Russia’s Foreign Ministry also accused Washington of “extreme aggression in international affairs”.

The US embassy's recreational retreat on the outskirts of Moscow will be closed as well as warehouse facilities.

The number of American diplomats will fall to 455 under the plan, the Foreign Ministry added. It was not immediately clear how many US diplomats now serve in Russia.

Relations between Russia and the United States dropped to a post-Cold War low following Russia's annexation of Crimea and interference in eastern Ukraine in 2014.

Reports of Russian meddling in the 2016 presidential election have dampened hopes for better ties that the Kremlin pinned on Mr Trump's presidency.

Russian policemen stand guard in front of the US Embassy in Moscow

The new package of sanctions aims to hit Vladimir Putin and his inner circle by targeting alleged corrupt officials, human rights abusers and crucial sectors of the Russian economy, including weapons sales and energy exports.

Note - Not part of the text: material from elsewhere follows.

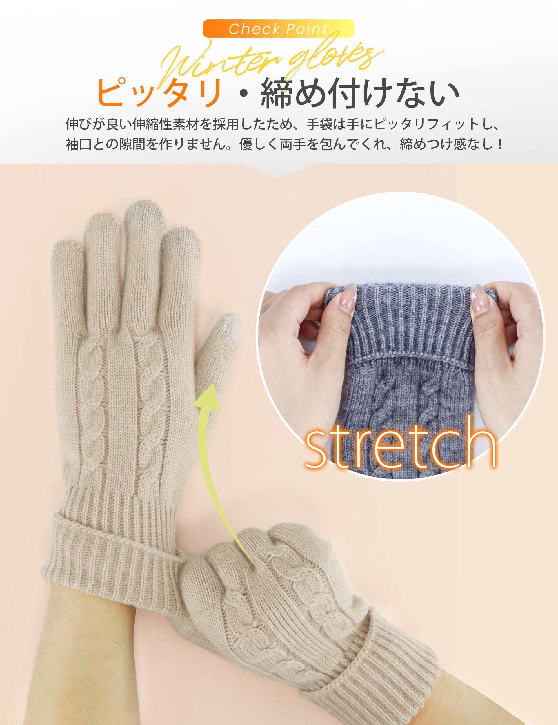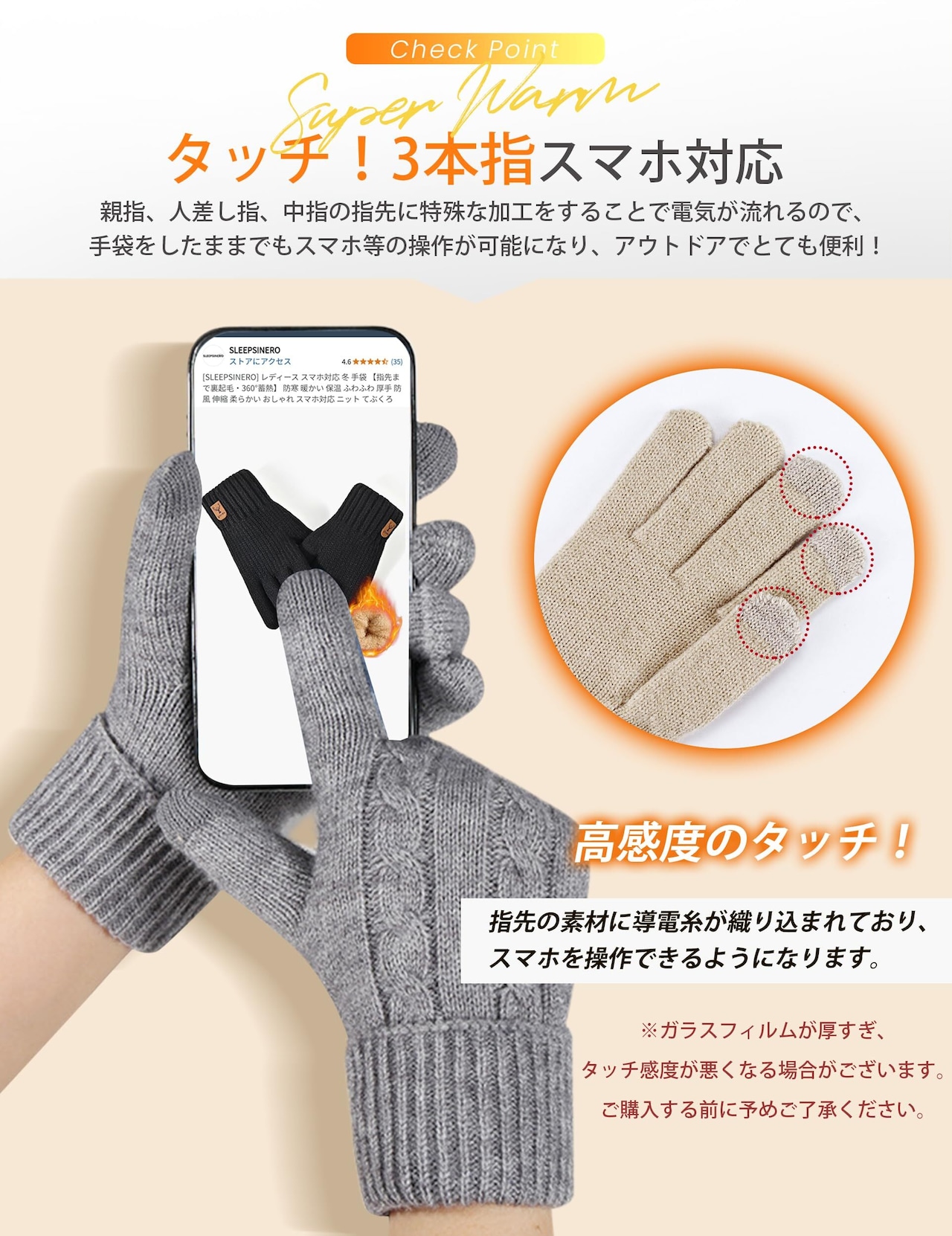 [SLEEPSINERO] 手袋 防寒 レディース スマホ対応 【360°暖かい裏起毛!3本指タッチパネル】 保温 あったか 防風 伸縮 柔らかい おしゃれ ニット レディース手袋 てぶくろ 秋 冬 通勤 通学 女性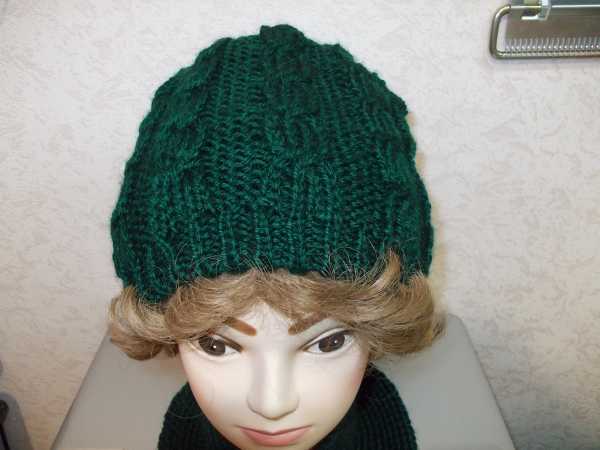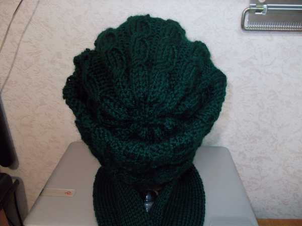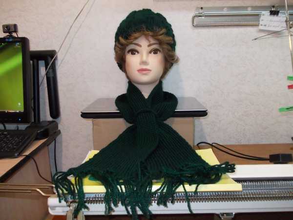 Комплектик из шапки, косы 2х2, и шарфика резинка 1х1 из пряжи белый леопард. Связана на машине 3 класс.

The bill underwent revisions to address concerns voiced by American oil and natural gas companies that sanctions specific to Russia's energy sector could backfire on them.

Russia's Foreign Ministry dismissed the new sanctions as "creating unfair competitive advantages for the US economy”.

"This kind of blackmail aimed at restricting the cooperation between Russia and other nations is a threat for many countries and global businesses," the statement said.

Russia's response mirrors moves by outgoing President Barack Obama last December to expel 35 Russian diplomats and shut down two Russian estates in the US.

Moscow said it would cut the US diplomatic corps even further if the U.S. decides to expel more Russian diplomats.

The Kremlin had previously said that it would not impose any sanctions on the US until Mr Trump signs the bill.

On Thursday the senate backed the sanctions bill, which also imposes sanctions on Iran and North Korea, by a margin of 98-2 with strong support from Mr Trump's fellow Republicans as well as Democrats.

It will now be sent to the White House for Mr Trump to sign into law or veto.